Use of principal component analysis (PCA) and hierarchical cluster analysis (HCA) for multivariate association between bioactive compounds and functional properties in foods: A critical perspective

https://doi.org/10.1016/j.tifs.2017.12.006Get rights and content

Highlights

  • Chemometric tools are widely used for classification, calibration and exploratory issues.

  • Unsupervised statistical methods are used to study data structure and look for clusters of samples.

  • PCA and CA are the most widely used methods.

  • PCA and CA can be useful in studies regarding bioactive compounds in foods.

  • We criticize the indiscriminate use of PCA and CA.

Abstract

Background

The development of statistical software has enabled food scientists to perform a wide variety of mathematical/statistical analyses and solve problems. Therefore, not only sophisticated analytical methods but also the application of multivariate statistical methods have increased considerably. Herein, principal component analysis (PCA) and hierarchical cluster analysis (HCA) are the most widely used tools to explore similarities and hidden patterns among samples where relationship on data and grouping are until unclear.

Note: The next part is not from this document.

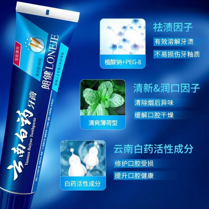 云南白药 牙膏减少烟渍亮白清新口气清洁口腔 清爽薄荷香型 朗健 180g*2支 (共360g) 祛烟渍亮洁牙齿 祛异味持续清 新缓解口腔问题 营养牙龈 强健牙周 兑换价格 4400 里程 会员卡别 终身白金卡 白金卡 金卡 银卡 普通卡 儿童卡 服务 由 广西北部湾网络科技有限公司 发货并提供售后 化妆品容量: 其他容量 购买数量: 件 库存件 配送地址: 立即购买 加入购物车 成功添加到购物车 关闭 购物车共有 种商品 总金额为: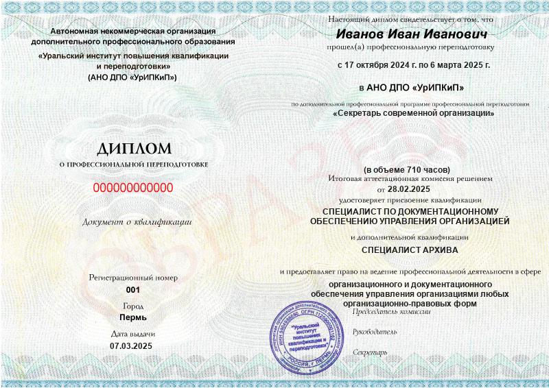 - Образец диплома о профессиональной переподготовке.

Usually, larger chemical data sets, bioactive compounds and functional properties are the target of these methodologies.

Scope and approach

In this article, we criticize these methods when correlation analysis should be calculated and results analyzed.

Key findings and conclusions

The use of PCA and HCA in food chemistry studies has increased because the results are easy to interpret and discuss. However, their indiscriminate use to assess the association between bioactive compounds and in vitro functional properties is criticized as they provide a qualitative view of the data. When appropriate, one should bear in mind that the correlation between the content of chemical compounds and bioactivity could be duly discussed using correlation coefficients.

Introduction

As well stressed by Ropodi, Panagou, and Nychas (2016), in the 21st century, governmental, industrial, and academic problems need to be addressed by using sophisticated analytical tools with proper data collection, analysis and interpretation. In this sense, data mining and data analysis are two interrelated approaches developed rapidly to address problems related to engineering and technology, as well as medicine, economics, biology, and food science (Brown, 2017).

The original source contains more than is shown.